**MATERIAL FOR THIS TASK:**
##############################

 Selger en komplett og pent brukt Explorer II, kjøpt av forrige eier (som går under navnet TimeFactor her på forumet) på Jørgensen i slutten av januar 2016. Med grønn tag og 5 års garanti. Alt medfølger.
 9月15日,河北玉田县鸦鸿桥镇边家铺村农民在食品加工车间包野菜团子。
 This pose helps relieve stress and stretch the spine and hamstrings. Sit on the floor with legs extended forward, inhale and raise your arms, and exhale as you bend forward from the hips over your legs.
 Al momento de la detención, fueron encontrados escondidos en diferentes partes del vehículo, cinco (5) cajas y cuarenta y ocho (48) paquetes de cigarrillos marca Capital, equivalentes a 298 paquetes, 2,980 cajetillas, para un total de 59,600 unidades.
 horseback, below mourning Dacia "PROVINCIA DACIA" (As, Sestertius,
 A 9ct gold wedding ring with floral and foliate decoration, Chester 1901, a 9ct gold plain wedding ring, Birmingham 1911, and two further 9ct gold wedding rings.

##############################

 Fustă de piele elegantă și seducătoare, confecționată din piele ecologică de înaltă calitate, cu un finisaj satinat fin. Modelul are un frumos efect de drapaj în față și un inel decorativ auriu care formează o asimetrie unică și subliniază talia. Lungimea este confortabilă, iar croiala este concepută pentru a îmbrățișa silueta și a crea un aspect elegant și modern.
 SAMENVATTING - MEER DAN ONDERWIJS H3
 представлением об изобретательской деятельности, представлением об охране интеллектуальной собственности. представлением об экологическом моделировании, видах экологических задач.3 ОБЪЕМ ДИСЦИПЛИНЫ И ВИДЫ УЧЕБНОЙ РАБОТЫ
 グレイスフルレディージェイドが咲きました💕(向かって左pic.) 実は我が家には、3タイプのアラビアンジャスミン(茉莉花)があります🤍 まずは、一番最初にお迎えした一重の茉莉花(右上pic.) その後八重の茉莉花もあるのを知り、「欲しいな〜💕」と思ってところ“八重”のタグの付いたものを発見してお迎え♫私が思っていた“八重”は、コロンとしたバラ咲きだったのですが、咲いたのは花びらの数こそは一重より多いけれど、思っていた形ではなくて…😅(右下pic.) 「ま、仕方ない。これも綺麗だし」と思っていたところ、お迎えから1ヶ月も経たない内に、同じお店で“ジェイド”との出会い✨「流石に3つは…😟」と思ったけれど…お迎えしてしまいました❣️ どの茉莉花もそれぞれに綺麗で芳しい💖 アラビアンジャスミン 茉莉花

##############################

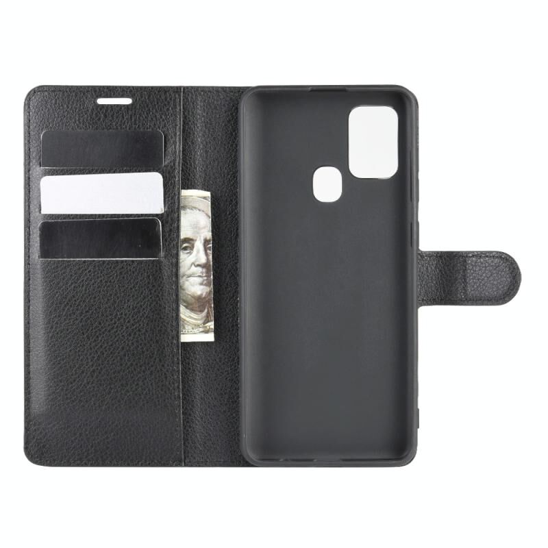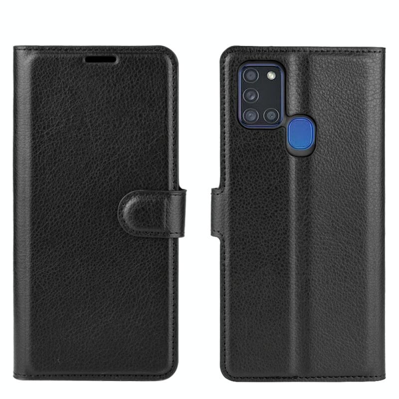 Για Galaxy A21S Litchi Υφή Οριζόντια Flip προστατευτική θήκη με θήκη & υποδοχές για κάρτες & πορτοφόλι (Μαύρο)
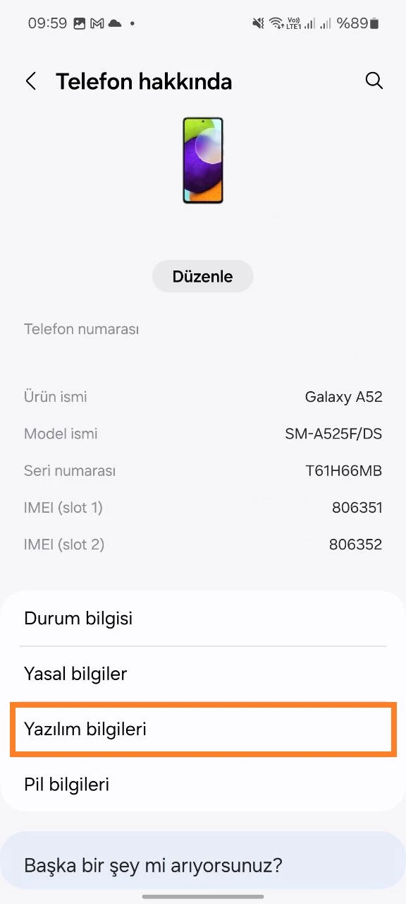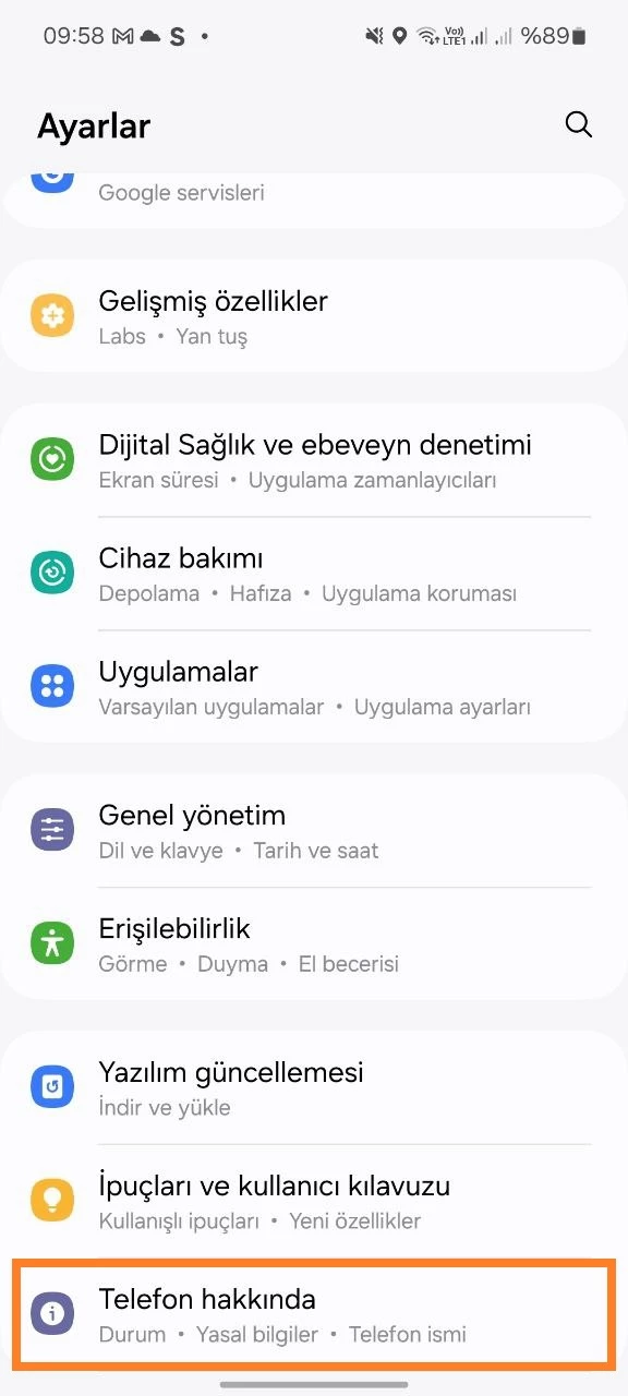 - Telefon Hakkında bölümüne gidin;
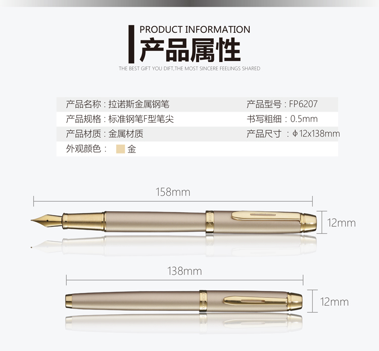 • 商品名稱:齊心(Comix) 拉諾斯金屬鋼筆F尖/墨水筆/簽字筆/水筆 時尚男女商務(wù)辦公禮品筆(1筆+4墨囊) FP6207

##############################

**HOW TO COMPLETE THIS TASK:**
Among the records above, find the lines that contain "with" and copy every one.

**THE COMPLETED TASK:**
 This pose helps relieve stress and stretch the spine and hamstrings. Sit on the floor with legs extended forward, inhale and raise your arms, and exhale as you bend forward from the hips over your legs.
 A 9ct gold wedding ring with floral and foliate decoration, Chester 1901, a 9ct gold plain wedding ring, Birmingham 1911, and two further 9ct gold wedding rings.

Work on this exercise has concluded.